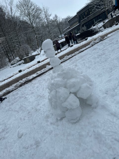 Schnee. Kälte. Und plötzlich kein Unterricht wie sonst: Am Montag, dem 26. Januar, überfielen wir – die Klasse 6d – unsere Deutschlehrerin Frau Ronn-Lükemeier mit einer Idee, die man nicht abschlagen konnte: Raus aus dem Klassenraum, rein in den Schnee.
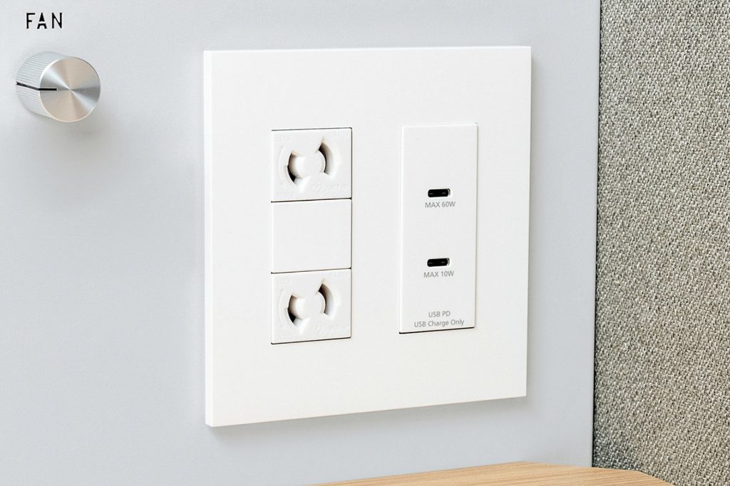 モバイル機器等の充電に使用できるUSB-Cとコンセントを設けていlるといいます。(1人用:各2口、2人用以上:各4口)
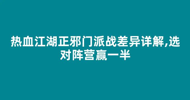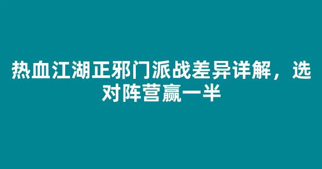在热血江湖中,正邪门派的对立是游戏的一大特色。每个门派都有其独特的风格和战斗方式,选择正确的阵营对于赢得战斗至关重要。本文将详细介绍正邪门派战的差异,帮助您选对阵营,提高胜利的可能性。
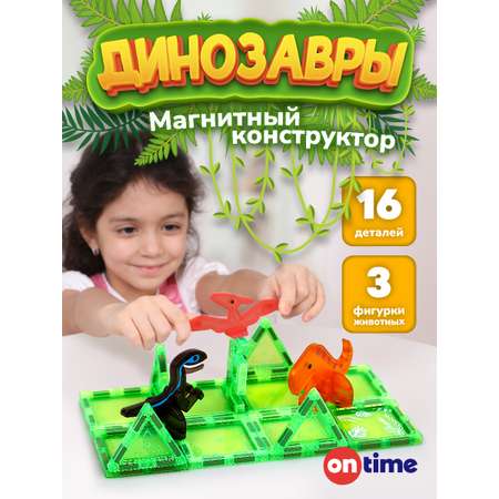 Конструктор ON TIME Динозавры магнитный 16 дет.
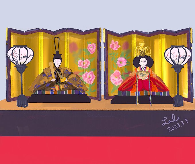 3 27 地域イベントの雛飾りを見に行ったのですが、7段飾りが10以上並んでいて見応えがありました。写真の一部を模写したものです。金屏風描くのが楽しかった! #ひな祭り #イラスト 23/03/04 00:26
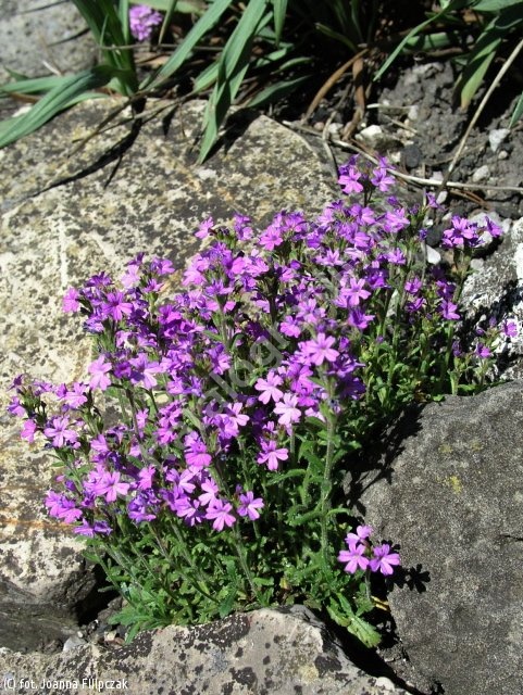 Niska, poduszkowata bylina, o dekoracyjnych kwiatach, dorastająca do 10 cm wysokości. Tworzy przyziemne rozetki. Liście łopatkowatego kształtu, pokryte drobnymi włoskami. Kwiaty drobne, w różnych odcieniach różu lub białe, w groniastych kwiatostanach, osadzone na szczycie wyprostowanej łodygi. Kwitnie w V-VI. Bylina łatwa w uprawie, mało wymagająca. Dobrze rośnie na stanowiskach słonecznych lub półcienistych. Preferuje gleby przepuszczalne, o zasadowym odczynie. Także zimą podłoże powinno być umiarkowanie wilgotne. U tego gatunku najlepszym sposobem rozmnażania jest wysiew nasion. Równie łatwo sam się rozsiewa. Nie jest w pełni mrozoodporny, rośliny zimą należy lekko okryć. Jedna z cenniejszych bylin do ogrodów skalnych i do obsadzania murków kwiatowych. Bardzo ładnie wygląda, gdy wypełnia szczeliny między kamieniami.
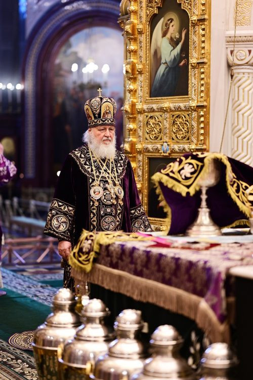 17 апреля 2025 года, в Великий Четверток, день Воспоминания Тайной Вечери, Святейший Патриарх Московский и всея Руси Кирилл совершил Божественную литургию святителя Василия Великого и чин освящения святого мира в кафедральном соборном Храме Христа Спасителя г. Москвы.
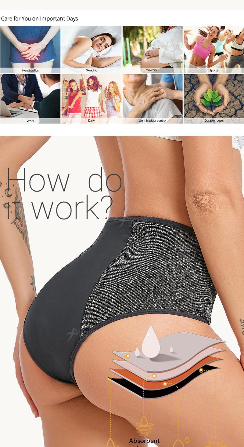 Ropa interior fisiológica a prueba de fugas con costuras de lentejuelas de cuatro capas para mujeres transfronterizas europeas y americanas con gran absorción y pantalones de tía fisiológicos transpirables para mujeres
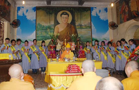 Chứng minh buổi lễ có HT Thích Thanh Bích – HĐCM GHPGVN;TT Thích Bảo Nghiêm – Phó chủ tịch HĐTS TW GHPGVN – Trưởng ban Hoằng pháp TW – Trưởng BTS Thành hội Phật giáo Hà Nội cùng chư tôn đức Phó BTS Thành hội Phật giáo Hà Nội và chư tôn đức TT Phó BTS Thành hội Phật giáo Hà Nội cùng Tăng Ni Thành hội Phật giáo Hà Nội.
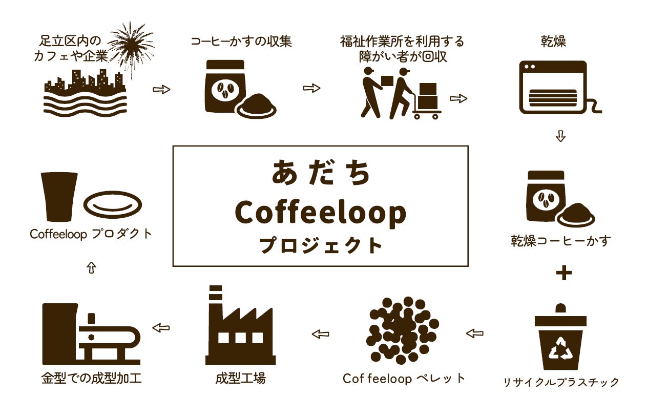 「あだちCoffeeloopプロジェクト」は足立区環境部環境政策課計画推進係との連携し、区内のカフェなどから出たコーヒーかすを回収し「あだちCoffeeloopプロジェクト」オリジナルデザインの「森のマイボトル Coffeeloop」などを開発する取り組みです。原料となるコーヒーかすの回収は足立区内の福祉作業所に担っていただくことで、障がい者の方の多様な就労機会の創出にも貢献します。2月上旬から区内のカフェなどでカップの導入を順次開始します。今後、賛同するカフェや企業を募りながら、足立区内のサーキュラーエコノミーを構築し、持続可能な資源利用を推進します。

________________

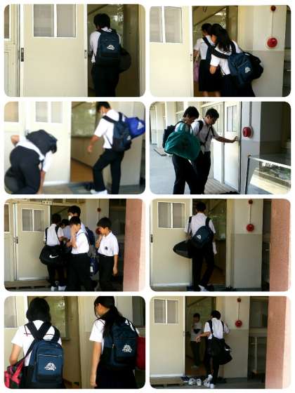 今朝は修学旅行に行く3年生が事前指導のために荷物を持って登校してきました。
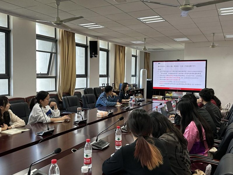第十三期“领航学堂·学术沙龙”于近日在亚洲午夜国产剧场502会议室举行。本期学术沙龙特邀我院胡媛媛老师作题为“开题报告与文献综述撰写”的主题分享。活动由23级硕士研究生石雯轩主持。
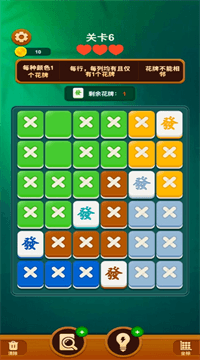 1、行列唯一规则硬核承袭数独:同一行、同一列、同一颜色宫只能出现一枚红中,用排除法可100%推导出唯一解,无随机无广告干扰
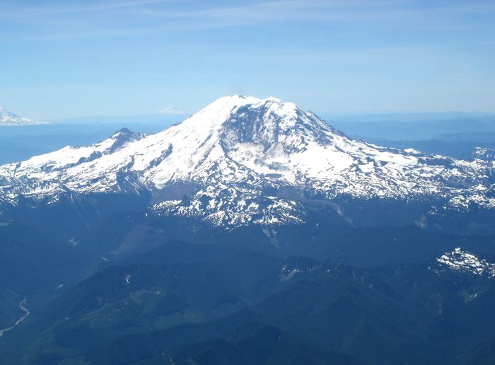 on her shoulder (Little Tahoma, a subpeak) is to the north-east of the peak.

________________

*How to complete this task*
Every line above from the one with "#イラスト 23/03/04 00:26" down to the one with "17 апреля 2025" must be written out exactly, and no picture may appear.

*Task answer*
 3 27 地域イベントの雛飾りを見に行ったのですが、7段飾りが10以上並んでいて見応えがありました。写真の一部を模写したものです。金屏風描くのが楽しかった! #ひな祭り #イラスト 23/03/04 00:26
 Niska, poduszkowata bylina, o dekoracyjnych kwiatach, dorastająca do 10 cm wysokości. Tworzy przyziemne rozetki. Liście łopatkowatego kształtu, pokryte drobnymi włoskami. Kwiaty drobne, w różnych odcieniach różu lub białe, w groniastych kwiatostanach, osadzone na szczycie wyprostowanej łodygi. Kwitnie w V-VI. Bylina łatwa w uprawie, mało wymagająca. Dobrze rośnie na stanowiskach słonecznych lub półcienistych. Preferuje gleby przepuszczalne, o zasadowym odczynie. Także zimą podłoże powinno być umiarkowanie wilgotne. U tego gatunku najlepszym sposobem rozmnażania jest wysiew nasion. Równie łatwo sam się rozsiewa. Nie jest w pełni mrozoodporny, rośliny zimą należy lekko okryć. Jedna z cenniejszych bylin do ogrodów skalnych i do obsadzania murków kwiatowych. Bardzo ładnie wygląda, gdy wypełnia szczeliny między kamieniami.
 17 апреля 2025 года, в Великий Четверток, день Воспоминания Тайной Вечери, Святейший Патриарх Московский и всея Руси Кирилл совершил Божественную литургию святителя Василия Великого и чин освящения святого мира в кафедральном соборном Храме Христа Спасителя г. Москвы.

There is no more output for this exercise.